Without some sort of custom "rules" it does no make sense to me. I use i to fix bugs of fw3 (eg The firewall3 assigns zone sometimes wrong when pppd is stopped) and for many things which are not possbile by (l)uci. Makeing fw4 default even it does not yet run well is a bad idea. Additional the lack of wildcards for interface names (eg wg+)
Additional it seems there are many fixes https://git.openwrt.org/?p=project/firewall4.git;a=shortlog
Beside that it does not matter if the rules in the kernel are filled by iptables or nft command

Flowoffloading: I never had a crash with it. The only bad side of it is that ipv6 is broken (https://bugs.openwrt.org/index.php?do=details&task_id=3373). Why should this be fixed by the switch from iptables to nft?

daniel · January 29, 2022, 4:57pm

Because netfilter folks suggested that the crash we see here could be a race condition in our hacky out-of-tree flow-offloading integration into xtables:
https://git.openwrt.org/?p=openwrt/openwrt.git;a=blob;f=target/linux/generic/hack-5.10/650-netfilter-add-xt_FLOWOFFLOAD-target.patch;h=bda8d06b7caf49584206bbf4f6a747309f481847;hb=HEAD

So once we don't use xtables at all any more but native nftables, this codepath would no longer be used.

That's not the whole truth: we could (with some limitations) use the iptables-nft wrapper to remain cmdline-compatible with iptables while using the nftables backend in kernel.
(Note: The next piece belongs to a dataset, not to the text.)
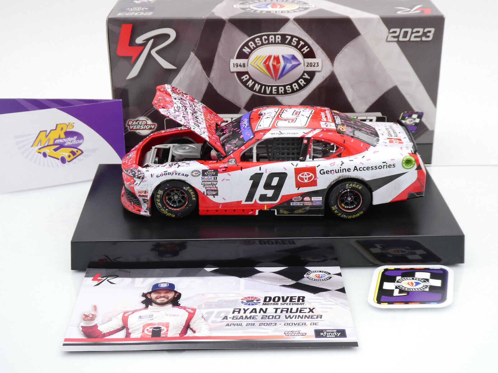 Toyota Supra mit Startnummer 19 Dover Race Winner Xfinity 2023 des Fahrers " Ryan Truex - Toyota Geniune Accessories " vom Team Joe Gibbs Racing.

This is what all other distributions are doing if you use iptables executable. However, I'm not sure that covers really all features of iptables (ie. also ipsets, wild-cards in interface names, ...), I guess no...

dietcoke73 · January 29, 2022, 5:28pm

Is it a known problem with this router, that reboot option in Luci powers off the router, and requires a cold boot switch off for 20 seconds? Reboot from the command line seemed to work ok however strangely.

daniel · January 29, 2022, 5:33pm

This is a known problem if you have modified the CPU frequency governor to ondemand or otherwise set the CPU supply voltage to 0.9V which causes DDR RAM calibration in ARM Trusted Firmware bl2 to never complete and hang for ever, which is why the device doesn't come up when you reboot.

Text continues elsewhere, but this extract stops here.